### DATA BELOW:
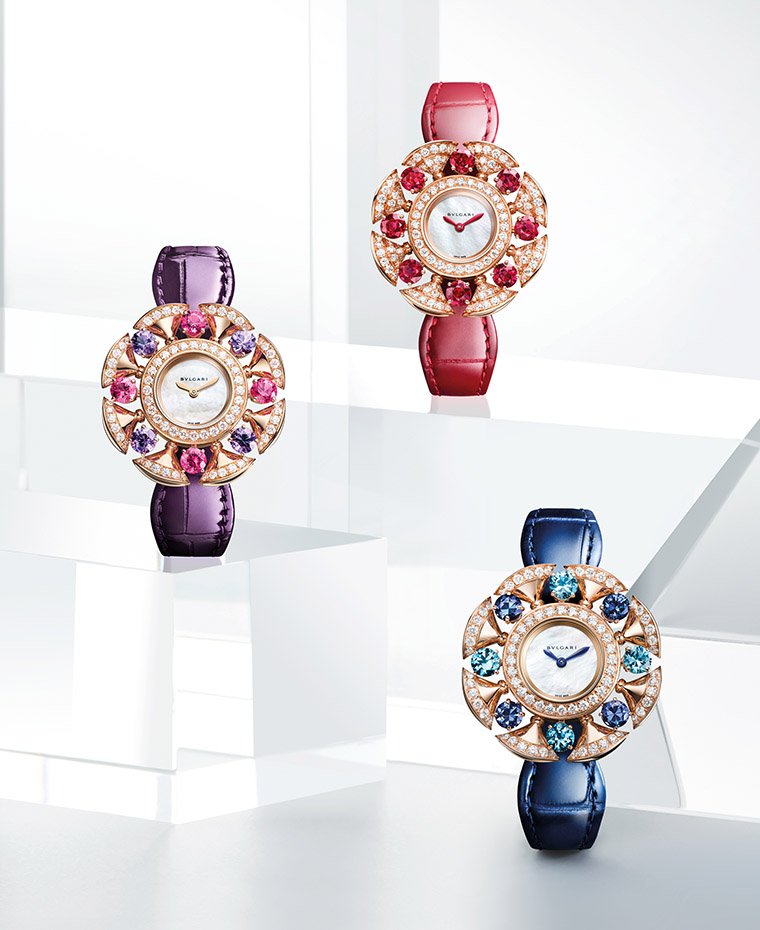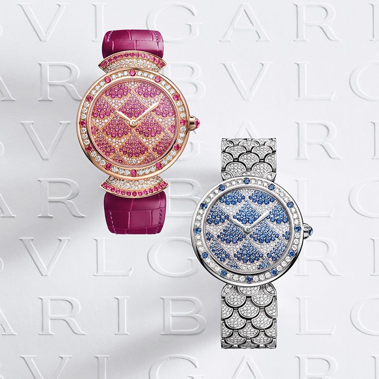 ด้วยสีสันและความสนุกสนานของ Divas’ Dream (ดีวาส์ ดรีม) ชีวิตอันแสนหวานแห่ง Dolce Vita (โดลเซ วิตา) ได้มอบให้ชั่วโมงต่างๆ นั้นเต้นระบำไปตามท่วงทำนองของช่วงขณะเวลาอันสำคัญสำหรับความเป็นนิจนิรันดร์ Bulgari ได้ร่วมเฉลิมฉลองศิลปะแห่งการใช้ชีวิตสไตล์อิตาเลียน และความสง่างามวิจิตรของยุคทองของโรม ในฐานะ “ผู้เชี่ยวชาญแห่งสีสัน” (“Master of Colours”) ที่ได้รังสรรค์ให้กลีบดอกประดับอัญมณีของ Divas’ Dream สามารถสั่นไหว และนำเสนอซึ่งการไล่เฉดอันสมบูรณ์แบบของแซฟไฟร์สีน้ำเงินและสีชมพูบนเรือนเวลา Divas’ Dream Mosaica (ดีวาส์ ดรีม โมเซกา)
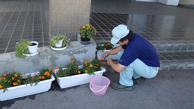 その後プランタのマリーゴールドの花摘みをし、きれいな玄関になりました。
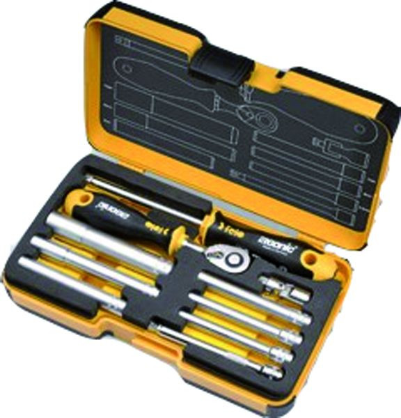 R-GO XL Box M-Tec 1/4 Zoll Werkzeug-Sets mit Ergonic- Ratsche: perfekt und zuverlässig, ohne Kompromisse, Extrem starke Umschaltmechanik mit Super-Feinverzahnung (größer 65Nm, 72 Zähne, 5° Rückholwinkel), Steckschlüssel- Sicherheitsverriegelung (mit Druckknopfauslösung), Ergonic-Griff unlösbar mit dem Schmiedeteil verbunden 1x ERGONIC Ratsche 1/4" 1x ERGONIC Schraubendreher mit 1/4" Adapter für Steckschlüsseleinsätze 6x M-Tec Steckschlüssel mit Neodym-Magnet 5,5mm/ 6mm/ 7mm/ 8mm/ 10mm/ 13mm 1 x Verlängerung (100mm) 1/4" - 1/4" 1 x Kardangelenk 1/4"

### DESCRIPTION OF THE TASK:
Omit the pictures, then give all the lines above again exactly.

### RESULT FOR THIS EXERCISE:
 ด้วยสีสันและความสนุกสนานของ Divas’ Dream (ดีวาส์ ดรีม) ชีวิตอันแสนหวานแห่ง Dolce Vita (โดลเซ วิตา) ได้มอบให้ชั่วโมงต่างๆ นั้นเต้นระบำไปตามท่วงทำนองของช่วงขณะเวลาอันสำคัญสำหรับความเป็นนิจนิรันดร์ Bulgari ได้ร่วมเฉลิมฉลองศิลปะแห่งการใช้ชีวิตสไตล์อิตาเลียน และความสง่างามวิจิตรของยุคทองของโรม ในฐานะ “ผู้เชี่ยวชาญแห่งสีสัน” (“Master of Colours”) ที่ได้รังสรรค์ให้กลีบดอกประดับอัญมณีของ Divas’ Dream สามารถสั่นไหว และนำเสนอซึ่งการไล่เฉดอันสมบูรณ์แบบของแซฟไฟร์สีน้ำเงินและสีชมพูบนเรือนเวลา Divas’ Dream Mosaica (ดีวาส์ ดรีม โมเซกา)
 その後プランタのマリーゴールドの花摘みをし、きれいな玄関になりました。
 R-GO XL Box M-Tec 1/4 Zoll Werkzeug-Sets mit Ergonic- Ratsche: perfekt und zuverlässig, ohne Kompromisse, Extrem starke Umschaltmechanik mit Super-Feinverzahnung (größer 65Nm, 72 Zähne, 5° Rückholwinkel), Steckschlüssel- Sicherheitsverriegelung (mit Druckknopfauslösung), Ergonic-Griff unlösbar mit dem Schmiedeteil verbunden 1x ERGONIC Ratsche 1/4" 1x ERGONIC Schraubendreher mit 1/4" Adapter für Steckschlüsseleinsätze 6x M-Tec Steckschlüssel mit Neodym-Magnet 5,5mm/ 6mm/ 7mm/ 8mm/ 10mm/ 13mm 1 x Verlängerung (100mm) 1/4" - 1/4" 1 x Kardangelenk 1/4"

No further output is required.